Beijing has a funding relief plan for distressed private firms but will banks follow?
- New government proposals expected to have limited impact on cash flowing to sector, industry insiders say
- Loan officers ‘unlikely to risk’ lending to most private firms even with personal exemptions
China’s top financial regulators have been working around the clock to try to ease funding difficulties for private companies, as Beijing turns to the sector to help stabilise growth and arrest a sharp fall in the stock market amid the trade war with the United States.
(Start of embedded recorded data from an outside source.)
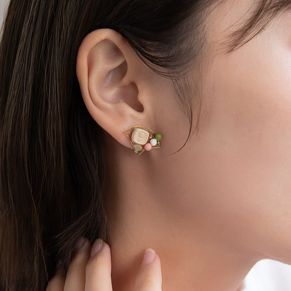 Embrace the essence of “Wa”—harmony and gentle beauty—with our Matcha and Wagashi Mismatched Earrings. One earring showcases an intricate dish of wagashi, while the other features a cozy cup of matcha tea. Together, they create a charming, story-filled duo. Designed to complement both kimono and yukata, yet effortlessly suited to modern everyday fashion, these earrings offer a touch of quiet elegance for meaningful moments, special occasions, and peaceful daily wear.
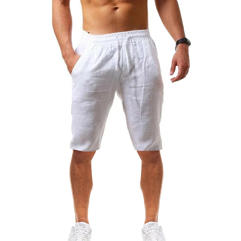 Men's Casual Cropped trousers Beach Pants Drawstring Pocket Elastic Waist Calf-Length Pants Sports Outdoor Solid Color Cotton Breathable Soft Mid Waist Green Black Blue khaki M L XL XXL XXXL
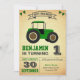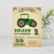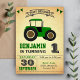 Amaze your guests with this cool tractor theme birthday party invite featuring a cute green farm tractor with vibrant typography on a vintage parchment background. Simply add your event details on this easy-to-use template to make it a one-of-a-kind invitation. Flip the card over to reveal a rustic barn wood texture on the back of the card.
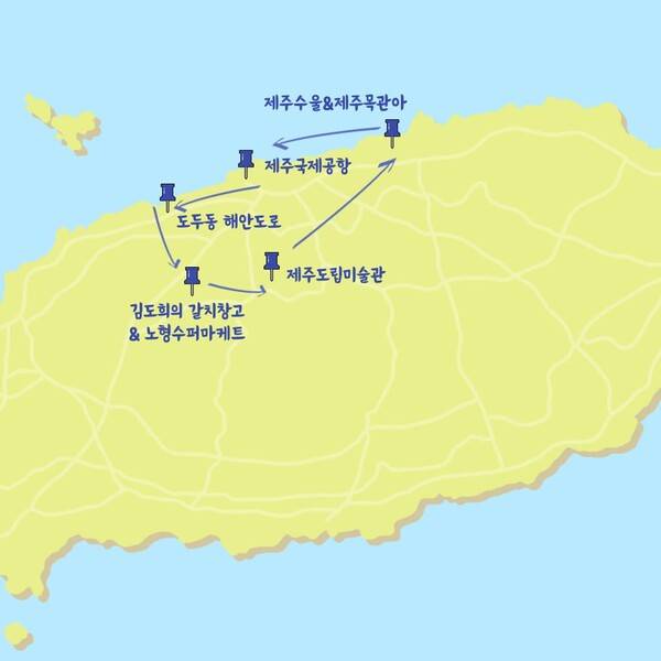 2일차 추천코스: 도두 무지개 해안도로 - 김도희의 갈치창고 - 노형수퍼마켙 - 제주특별자치도립미술관 - 제주수울 - 제주목관아
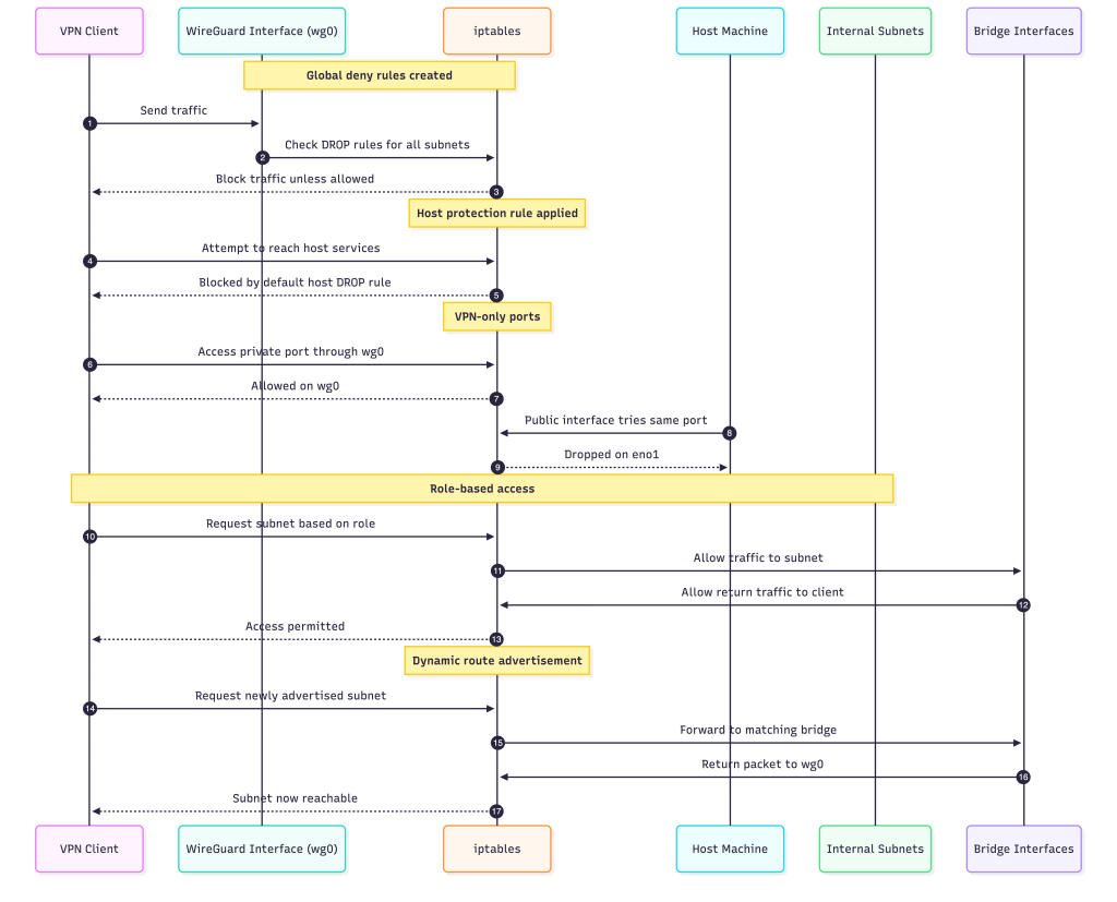 The VPN manager uses iptables to control how every user interacts with the internal network. The idea is simple: nothing is allowed by default, and all access is explicitly granted based on the user’s role and the subnets they are permitted to reach.
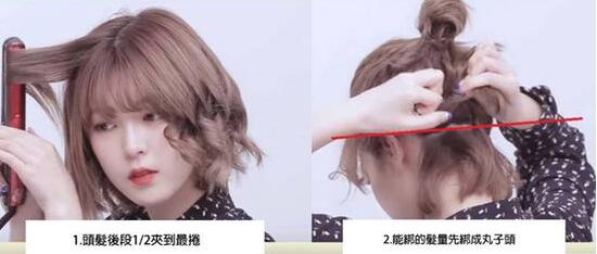 造型技巧:首先,利用电棒卷或直板夹,在发丝的中段到发尾卷出超级卷的卷发,且不能拉松;再将2/3以上的头发绑起来,见图中红线处的上方,自然固定一下!最后,将卡在脖子附近的头发用小黑夹向上卡住,制造出丰盈感十足的丸子头。这款发型不需要担心头发太短,落发太凌乱等问题哦,因为它本身为了增加丸子的蓬松感,就需要制造出卷度,只需用小黑夹将所有的头发都卡在丸子周围即可。
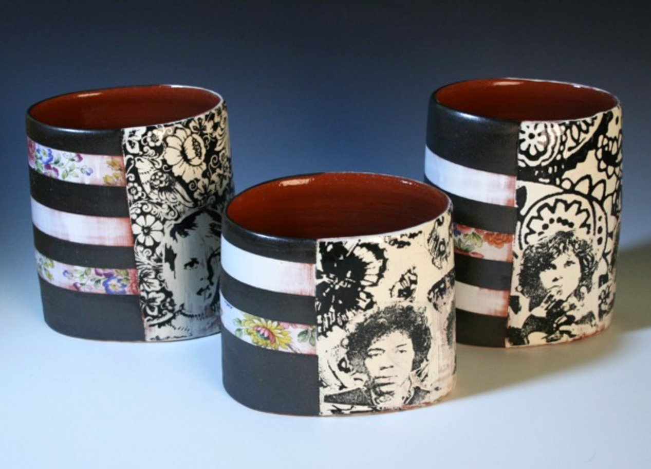 She utilizes many printmaking techniques to build the surfaces of her vessels. Digital technology plays an important role in her process – making her own iron decals, and transferring them onto the clay. Watching her grandmother sew her dresses, and quilt as a young child influenced her sense of craft and design. Most of the images she uses are rooted in 1960’s and 70’s pop-culture. Her work continually intertwines history and memory, and perpetuates her nostalgia of being a young girl growing up in the rural foothills on western North Carolina in the 1970’s.
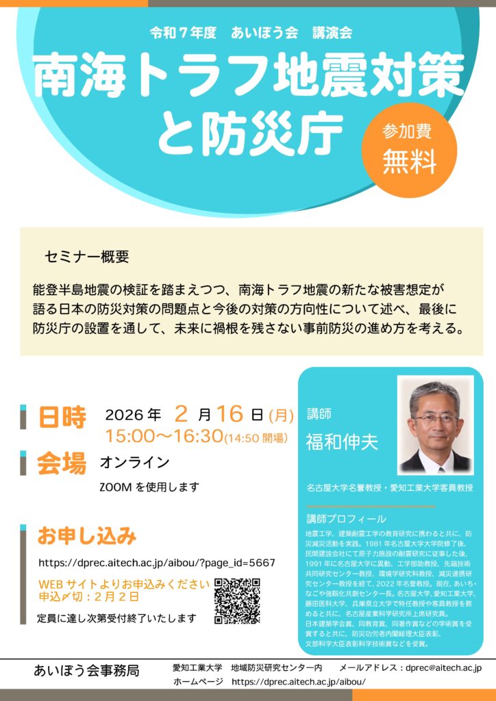 【聴講者募集】2月あいぼう会講演会のご案内 イベント X Facebook LINE コピー 2026.01.08 2月のあいぼう会は、会員以外の方でも(どなたでも)ご参加いただける講演会(オンライン)を開催いたします。 今回は、 福和伸夫氏(名古屋大学名誉教授・愛知工業大学客員教授)をお招きし、「南海トラフ地震対策と防災庁」ご講演いただきます。 下記より参加申込いただけます。多くの方のご参加をお待ちしております。 令和7年度あいぼう会講演会参加申込フォーム

The Financial Stability and Development Committee – the country’s de facto highest decision-making body for economic and financial policies and headed by Vice-Premier Liu He – has given specific orders on what Chinese banks, mostly owned by the central or local governments, should do to boost credit support to private businesses, which have struggled to gain access to credit.
The incentives include raising the weighting of lending to the private sector in the performance reviews of banks and their executives, according to a statement posted on the central government’s official website on Sunday. It suggested that banks that boosted lending to private borrowers would be rewarded by regulators and their executives could be better compensated.
More important, the committee decided that as long as bank officials did due diligence, they would be exempted from punishment even if the loans to private borrowers turned sour. The decision reversed the existing practise of state bank officials coming under scrutiny, or even a disciplinary investigation, for bad loans to the private sector.
If implemented, these new orders, together with a clear requirement that banks should not “blindly” withdraw or reduce loans to private borrowers due to their “temporary business difficulties”, will translate into a sweeping change in the business of state banks, which favour state-owned enterprises over private ones in lending.